Sergei Artemov, Computer-Aided Proofs and Their Significance
Abstract: Computer-assisted proofs are playing an increasingly visible role in mathematics.
Their scope ranges from routine uses of computational algebra packages to dramatic
new discoveries which make newspaper headlines, such as the four-color problem,
Kepler's conjecture, Robbins' conjecture. Some of these proofs rely heavily upon modules
that compute numerical values or decision procedures which do not necessarily produce certifiable
proofs. In this talk we will discuss some questions concerning these developments.
To what extent can one trust computer-generated proofs? Are computer-generated solutions
more trustworthy than conventional hand-checked proofs? Can computer proofs be `elegant',
or provide insights about the structure of mathematical objects? Do incompleteness phenomena
extend to the foundations of verification? For that matter, can a verifier be verified?
Yuri Gurevich, What's polynomial time anyway?
Abstract: In conventional computational complexity inputs are (or can be adequately represented
by) strings. This is restrictive. Think for example of databases. Modern database query languages do not leak
out implementation dependent details. If the database is a directed graph, you cannot get the first vertex.
Legitimate queries do not distinguish between isomorphic databases. There are other areas of computer science
where the need of more general complexity theory is apparent, for example specification of computer systems. We
will argue that inputs should be structures (in the sense of mathematical logic) and will survey the complexity
theoretic aspects of the theory of computations with structures.
Mark Hillery, Quantum walks and quantum algorithms
Abstract: Quantum walks are quantum versions of random walks. Unlike standard random walks, they
can exhibit interference, in particular the effects of two paths that lead to the same point can cancel rather
than add. This leads to unexpected behavior. For example, they spread faster than classical random walks.
They can also be used to realize some quantum algorithms. In particular, they provide a simple illustration of
the quantum search algorithm and an illustration of the Deutsch-Jozsa algorithm, a procedure that
distinguishes between types of Boolean functions.
Alexander Razborov, Feasible Proofs and Computations
Abstract: The concepts of proof and computation are central to virtually any intellectual human
activity. However, before the remarkable advances of the 20th century mathematical logic, the border between
them had never been sharp even in the context of pure mathematics. It was only in the work of these great
logicians that the separation between proofs and computations became rigorous and (as everybody thought) final.

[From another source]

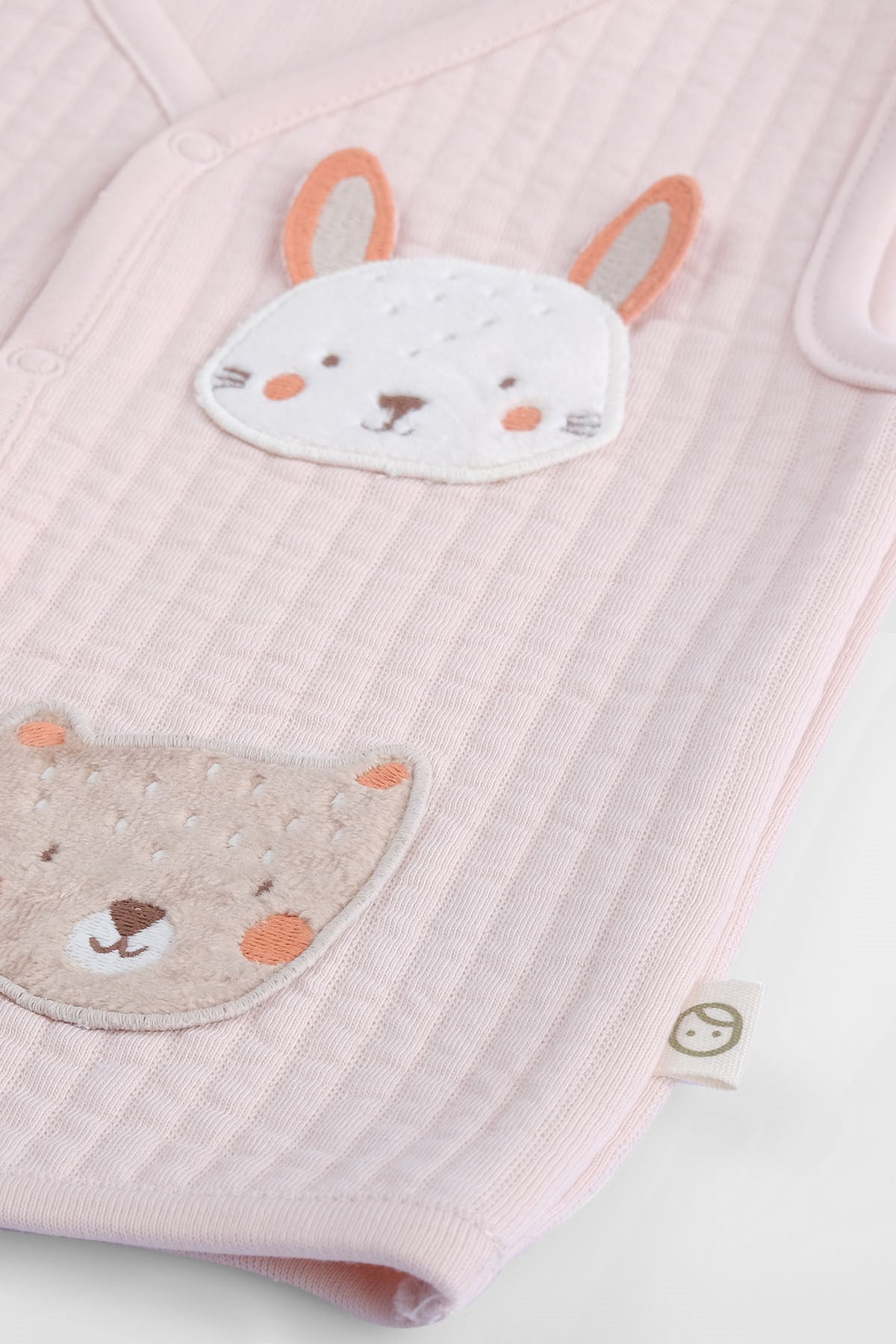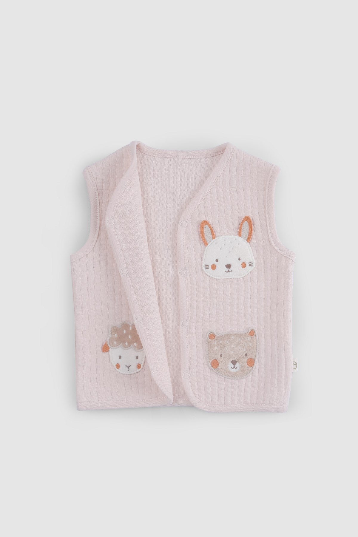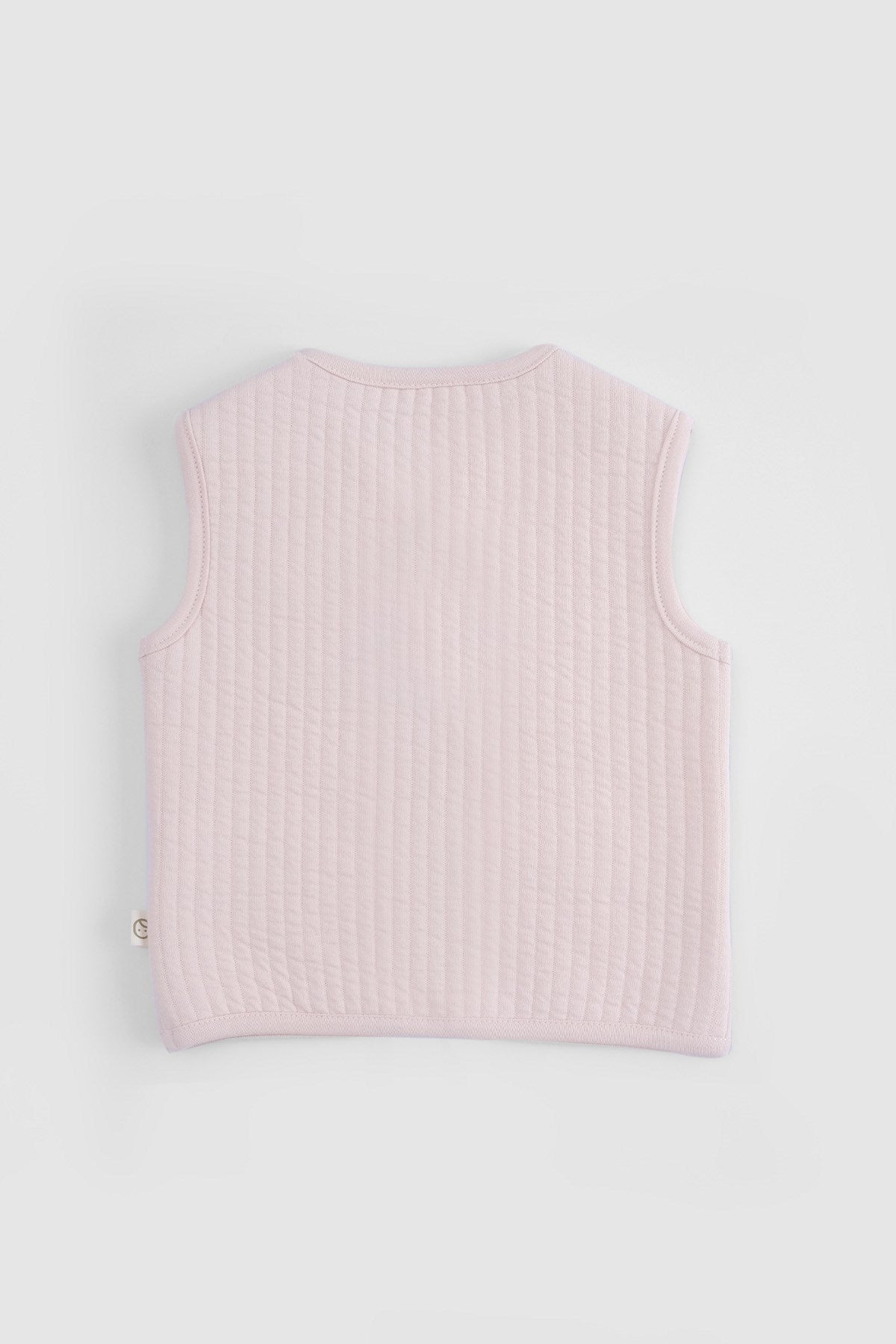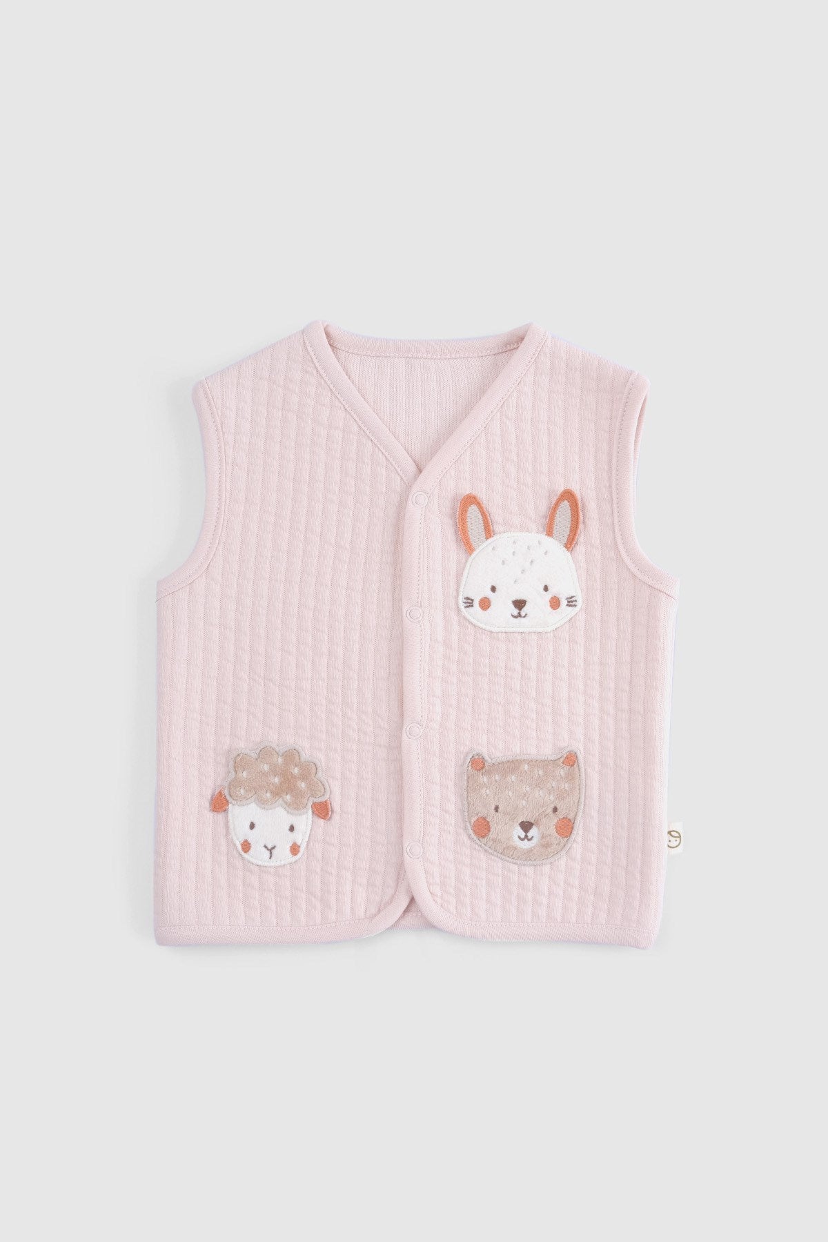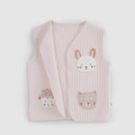 Our Quilted Organic Cotton Animal Appliqué Baby Vest in soft pink is a cosy and charming layering piece designed for cooler days.

It should be also mentioned, of course, that the separation on the conceptual level also brought along a
multi-faced and mutually beneficial partnership with results unthinkable of in the pre-Goedel world.
This talk is devoted to a *reverse* trend that results from adding the new element of feasibility (or
efficiency) into this millennial-old brew. Strangely enough, this seemingly innocent addition has led to many
new intriguing facets of the interaction between (slightly compromised versions of) proofs and computations.
And, remarkably, we once again begin seeing more and more creatures with morphing features. We will attempt a
guided (and highly informal!) tour through the areas where these creatures dwell, like Propositional proof
Complexity, NP-Completeness and (time permitting) Interactive and Probabilistically Checkable Proofs. And we
will try to convey, using concrete and intertwined examples, the general feeling of complexity and intricacy of
relations between proofs and computations in this emerging reality.
Avi Wigderson, The power and weakness of randomness in computation
Abstract: Humanity has grappled with the meaning and utility of randomness
for centuries. Research in the Theory of Computation in the last
thirty years has enriched this study considerably. I will talk about
two main aspects of this research on randomness, demonstrating its
power and weakness respectively.
(1) Randomness is paramount to computational efficiency: I will
show how the use of randomness can dramatically speed up computation
(and do other wonders) for a variety of problems and settings.
(2) Computational efficiency is paramount to understanding randomness:
I will explain the new, computationally-motivated definition of
randomness, and try to argue its merits as the "right" definition.
I will then show how such randomness may be generated deterministically,
from computationally difficult problems.